Cook: 1 Hour 20 Mins

Cooking Time

Serves: 6

Cooking Time

Price: 7p per serving

Nutritional Information

Each 15g serving contains

Energy
105kj
25kcal
1%
Fat
0g
Low
0%
Saturates
0g
Low
0%
Sugars
5.7g
Med
6%
Salt
0.08g
Low
1%
of your reference intake.
Typical energy values per 100g:
700kj/167kcal

Ingredients

850g cooking apples, peeled and cored cut into small pieces

1 red onion, chopped

400g fresh cranberries

250g sultanas

1 orange, zest and juice of

400g granulated sugar

2 level tsp ground ginger

2 level tsp ground cinnamon

500ml distilled malt vinegar (or white wine vinegar)

2 level tsp salt

Method

1
Please note, this recipe makes 6 jars of chutney.
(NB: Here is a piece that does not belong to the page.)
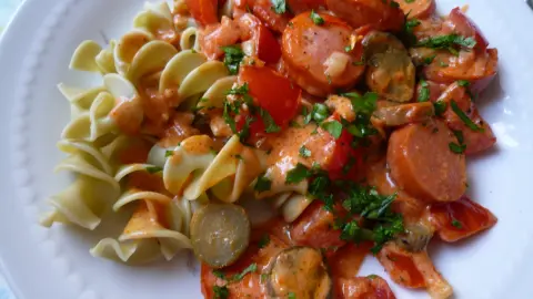 - Wurst, Tomaten, Zwiebeln und Gurken etwa 5 Minuten in Butter anbraten.

The nutritional information refers to a teaspoonful.
2
Pre-heat the oven to 140C/120C Fan/Gas 2.
3
Sterilize 4-6 jars (depending on size) by washing in hot soapy water, then rinsing well. Shake out any excess water and put in the oven on their sides. Turn off the oven, leaving the jars in it for 30 minutes. Wash the lids and pat dry with kitchen paper.
4
Put all the ingredients in a very large pan and cook over a medium heat, stirring gently all time, until the sugar has completely dissolved.
5
Boil steadily, stirring often, until thick and pulpy – about an hour. Set aside for 20 minutes.
6
Put in the jars and seal with the lids. When cold, add labels and a ribbon.